*Exercise requirements*
Please, without the pictures, retype exactly the lines from the start of the material through the line that holds "krótki rękaw czarny".

*Source material*
☆ ☆ ☆ ☆

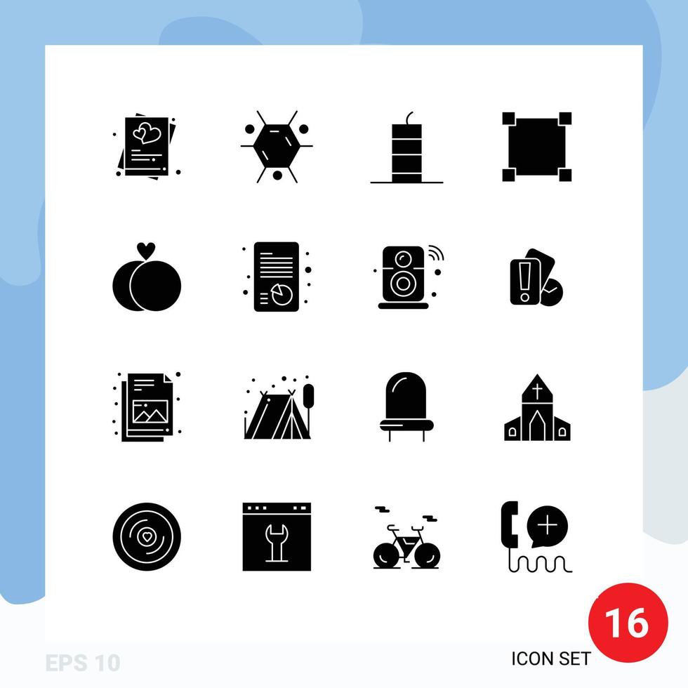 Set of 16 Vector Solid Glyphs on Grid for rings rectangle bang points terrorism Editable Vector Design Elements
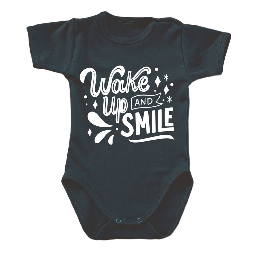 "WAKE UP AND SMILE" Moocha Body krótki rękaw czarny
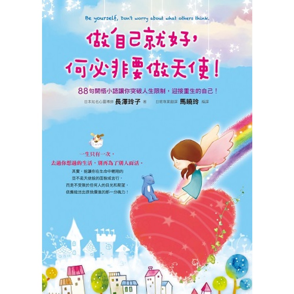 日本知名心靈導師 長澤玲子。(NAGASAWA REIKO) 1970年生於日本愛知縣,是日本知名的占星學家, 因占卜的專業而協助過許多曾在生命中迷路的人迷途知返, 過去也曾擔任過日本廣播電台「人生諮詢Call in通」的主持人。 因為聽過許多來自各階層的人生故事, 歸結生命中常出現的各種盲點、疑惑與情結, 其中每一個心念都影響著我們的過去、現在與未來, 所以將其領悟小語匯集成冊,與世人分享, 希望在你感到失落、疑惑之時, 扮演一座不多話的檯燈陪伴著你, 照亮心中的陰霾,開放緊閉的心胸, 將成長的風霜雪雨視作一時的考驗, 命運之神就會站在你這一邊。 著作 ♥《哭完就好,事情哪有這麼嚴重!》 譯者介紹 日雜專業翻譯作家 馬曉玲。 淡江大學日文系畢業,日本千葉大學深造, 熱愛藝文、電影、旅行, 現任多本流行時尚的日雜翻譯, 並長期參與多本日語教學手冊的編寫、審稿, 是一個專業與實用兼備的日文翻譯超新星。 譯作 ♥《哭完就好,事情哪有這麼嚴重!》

☆ ☆ ☆ ☆

*Completed task*
 Set of 16 Vector Solid Glyphs on Grid for rings rectangle bang points terrorism Editable Vector Design Elements
 "WAKE UP AND SMILE" Moocha Body krótki rękaw czarny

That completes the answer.